How model selection works

The LLM Router (packages/core/src/ai/router.ts) resolves the provider and model for each call from TenantTaskModelConfig, keyed by task type:

Task typeTypical default
chat_tutorSonnet-class
chat_evaluation / summarization / supervisorHaiku-class
content_generationHaiku-class
course_review / course_agent / gamification_agentSonnet-class

An institution admin can override any task to a different provider/model. No model IDs are hardcoded in agents — the router is the single decision point.

Router methods

  • stream() — streaming chat (metered).
  • generate() — agents with tools (metered); tools are converted from JSON Schema to the AI SDK format so they work on any provider.
  • generateDirect() — background, fire-and-forget calls (evaluation, content, summarizer, supervisor) that run in Next.js after() without the full metering pipeline.

Fallback chain + circuit breaker

By tier: Claude → GPT → Grok → Gemini (LLMs); Voyage → OpenAI → Cohere (embeddings). A circuit breaker stored in Redis trips after a failure threshold and is shared across instances, so an open breaker skips a failing provider with no timeout. Incidents are recorded for observability.

Bring-your-own keys + metering

  • Per-tenant keys (TenantApiKey) are encrypted AES-256-GCM. Resolution order: tenant key → global provider key → environment variable.
  • Every LLM call passes through the metering middleware (rate limit → credit check → cost calculation), recording input and output tokens separately. Prices come from a database table, never hardcoded.

Why it matters

You are not betting your platform on one lab's pricing, latency or availability. As models improve, you switch a dropdown — not your codebase.

See also

FAQ

Is Studeia locked into one AI vendor?

No. Every LLM-backed feature routes through an internal LLM Router that selects a provider+model per task type. Admins can switch a task from Anthropic Claude to OpenAI GPT, xAI Grok or Google Gemini without breaking any agent — tool calling works across providers via the Vercel AI SDK. If the primary provider fails, an automatic fallback chain takes over.
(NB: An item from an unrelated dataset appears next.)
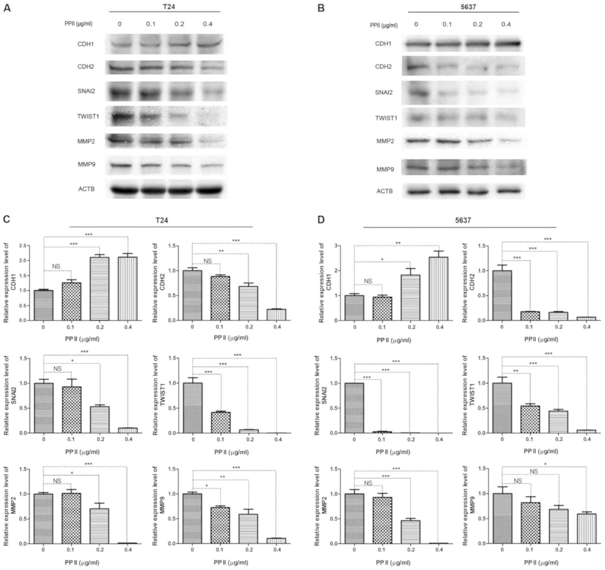 Since EMT-inducing transcription factors promote cancer metastasis, the present study examined whether PPII inhibited bladder cancer migration and invasion by regulating the expression of EMT-associated proteins. As markers of EMT, the expression levels of CDH1 and CDH2 were detected by western blot analysis. The results demonstrated that the expression of CDH1 in T24 (Fig. 7A) and 5637 (Fig. 7B) cells was significantly increased following PPII treatment, whereas that of CDH2 was decreased compared with the control group. In addition, the expression levels of the transcriptional repressors of CDH1, including SNAI2 and TWIST1, were decreased in PPII-treated cells compared with those in the untreated control group (Fig. 7C and D). The expression levels of gelatinases MMP2 and MMP9, which serve crucial roles in maintaining extracellular matrix homeostasis and tumor invasion, were also significantly inhibited by PPII compared with those in the control group (Fig. 7C and D). These results suggested that PPII-induced migration and invasion inhibition may occur through the suppression of EMT and MMPs expression.

Can an institution use its own API keys?

Yes. Each tenant can store its own provider keys (TenantApiKey, encrypted AES-256-GCM). When a tenant brings its own key, AI costs go directly to that tenant's provider account — Studeia does not add an AI margin and never sets process.env (which would leak across tenants); the key is passed per request.

What stops a provider outage from taking down the tutor?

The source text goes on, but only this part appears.